Write a remark in pure language (in English) to learn Parquet recordsdata out of your S3 bucket:

After you enter the previous remark and press Enter, the CodeWhisperer button on the finish of the web page will present that it’s operating to write down the advice. The output of the CodeWhisperer advice will seem within the subsequent line and the code is chosen after you press Tab. You may study extra in Person actions.

After you enter the previous remark, CodeWhisperer will generate a code snippet that’s much like the next:

df = (spark.learn.format("csv")
      .possibility("header", "true")
      .possibility("inferSchema", "true")
      .load("s3://<bucket>/<path>/highest_earning_players.csv"))

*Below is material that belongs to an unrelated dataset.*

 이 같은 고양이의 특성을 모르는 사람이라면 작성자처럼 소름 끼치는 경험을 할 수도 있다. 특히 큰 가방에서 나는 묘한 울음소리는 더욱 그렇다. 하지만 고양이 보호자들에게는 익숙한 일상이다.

Word that you should replace the paths to match the S3 bucket you’re utilizing as a substitute of the CodeWhisperer-generated bucket.

From the previous code snippet, CodeWhisperer used Spark DataFrames to learn the CSV recordsdata.

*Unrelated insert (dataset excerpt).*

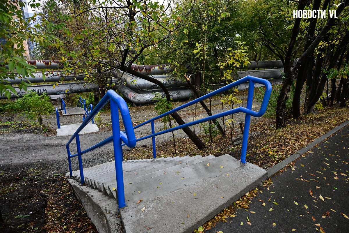 Во Владивостоке ремонт лестницы, ведущей от Вилкова к Киевской, буквально завершился на полпути. Администрация города по решению суда включила этот спуск в «ремонтный» список, но из-за того, что часть лестницы заходит на территорию РЖД, отремонтировали её не полностью. И теперь эта лестница удивляет своей многогранностью: люди, спускающиеся по ней, после ровного участка попадают на кривые и старые ступени.

Now you can strive some rephrasing to get a suggestion with DynamicFrame capabilities:

# Learn CSV file from S3 with the header format possibility utilizing DynamicFrame"

Now CodeWhisperer will generate a code snippet that’s near the next:

dyF = glueContext.create_dynamic_frame.from_options(
    connection_type="s3",
    connection_options={
        "paths": ["s3://<bucket>/<path>/highest_earning_players.csv"],
        "recurse": True,
    },
    format="csv",
    format_options={
        "withHeader": True,
    },
    transformation_ctx="dyF")

Rephrasing the sentences written now has proved that after some modifications to the feedback we wrote, we acquired the proper advice from CodeWhisperer.

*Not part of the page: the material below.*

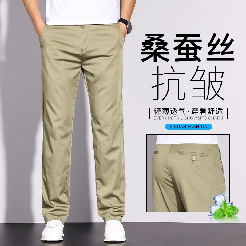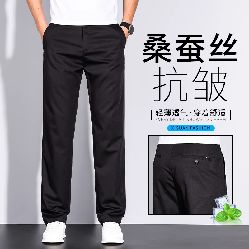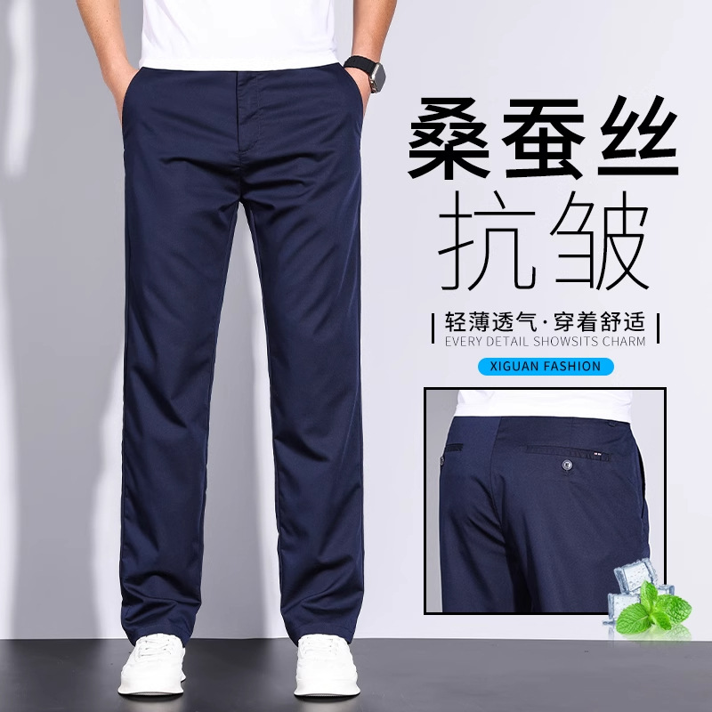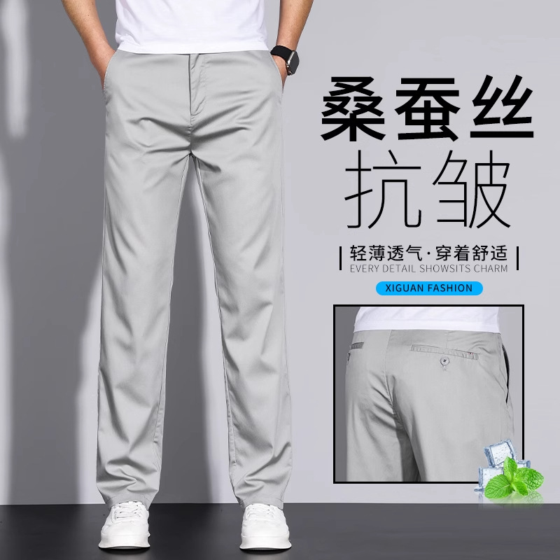 【뽕나무 실크 주름방지】고급 남성 캐주얼 팬츠 여름용 초박형 먼지방지 아이스 실크 비즈니스 롱 팬츠 남성용스토어 가기

Subsequent, use CodeWhisperer to print the schema of the previous AWS Glue DynamicFrame by utilizing the next remark:
```
# Print the schema of the above DynamicFrame
```

CodeWhisperer will generate a code snippet that’s near the next:

We get the next output.

Now we use CodeWhisperer to create some transformation capabilities that may manipulate the AWS Glue DynamicFrame learn earlier. We begin by getting into code in a brand new cell.

First, check if CodeWhisperer can use the proper AWS Glue context capabilities like ResolveChoice:
```
# Convert the "PlayerId" sort from string to integer
```

CodeWhisperer has really useful a code snippet much like the next:

dyF = dyF.resolveChoice(specs=[('PlayerId', 'cast:long')])
dyF.printSchema()

The previous code snippet doesn’t precisely characterize the remark that we entered.

You may apply sentence paraphrasing and simplifying by offering the next three feedback. Each has totally different ask and we use the withColumn Spark Body methodology, which is utilized in casting columns sorts:
```
# Convert the DynamicFrame to spark knowledge body
# Forged the 'PlayerId' column from string to Integer utilizing WithColumn perform
 # Convert the spark body again to DynamicFrame and print the schema
```

CodeWhisperer will choose up the previous instructions and suggest the next code snippet in sequence:

df = dyF.toDF()
df = df.withColumn("PlayerId", df["PlayerId"].forged("integer"))
dyF = DynamicFrame.fromDF(df, glueContext, "dyF")
dyF.printSchema()

The next output confirms the PlayerId column is modified from string to integer.